Florida Democrat Alex Sink Ran Against Repealing Obamacare and Lost
Rothman: FL Dem Alex Sink Ran Against Repealing Obamacare and Lost
Defending the Affordable Care Act is becoming increasingly difficult for Democratic politicians, but capable progressive pundits have proven more deft at finding silver linings in polls which consistently show the president’s health care reform law remains a political liability. Sure, the law is broadly disliked, they argue, but so is the Republican position of full repeal of the ACA without offering a replacement.
No analyst has done better or more comprehensive work on this subject than The Washington Post’s Greg Sargent. “Obamacare remains unpopular,” Sargent wrote in February. “But it’s increasingly apparent that the GOP repeal stance is untenable, and that there’s no easy escape from it.”
The tea leaf-readers of MSNBC’s Morning Joe echoed Sargent’s analysis on Wednesday morning. NBC News Chief White House Correspondent Chuck Todd observed that Democrats running away from the ACA appear “full of it” to savvy voters. Co-host Mike Barnicle became animated when he asked why Democrats are not mounting a full-throated defense of the ACA by attacking the GOP’s pro-repeal position as a return to unloved status quo ante.
This was a perfectly reasonable position to hold before last night but, as of approximately 7:30 p.m. on the East Coast, the belief that the GOP’s pro-repeal message will be a millstone around their necks in November became an article of faith. A real-world test case was run in which a Democratic politician running in a swing district, a candidate who did not have a vote for the ACA to defend, ran against her Republican opponent’s pro-repeal stance. She lost.

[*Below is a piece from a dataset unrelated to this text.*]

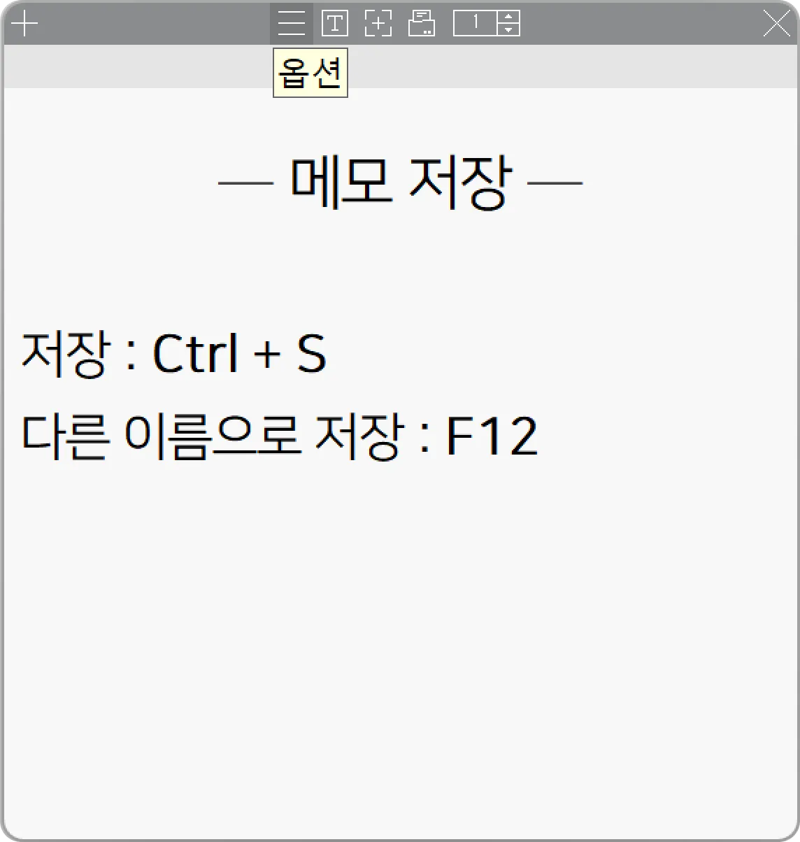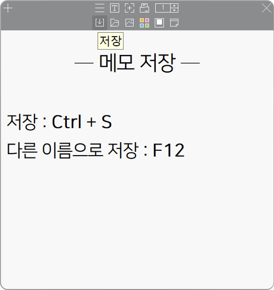 저장 아이콘을 누르거나, Ctrl + S 를 누르면 현재 메모가 저장됩니다.

Former gubernatorial candidate Alex Sink lost her bid to replace the late Rep. Bill Young (R-FL) in Florida’s 13th congressional district to Representative-elect David Jolly on Tuesday night by 2 percentage points. Polls had shown her up by as much as 9 points just weeks prior. She campaigned on a number of issues, as all candidates do, but among her more pronounced themes was her stance that the ACA, flawed as it is, must not be repealed.
In one widely run 30-second advertisement, Sink hit Jolly for advocating going back to “letting insurance companies deny coverage,” a reference to the popular provision within the ACA that prohibits private insurance providers from discriminating against enrollees with preexisting conditions. “We can’t go back to letting insurance companies do whatever they want,” she said. “Instead of repealing the health care law, we need to keep what’s right and fix what’s wrong.”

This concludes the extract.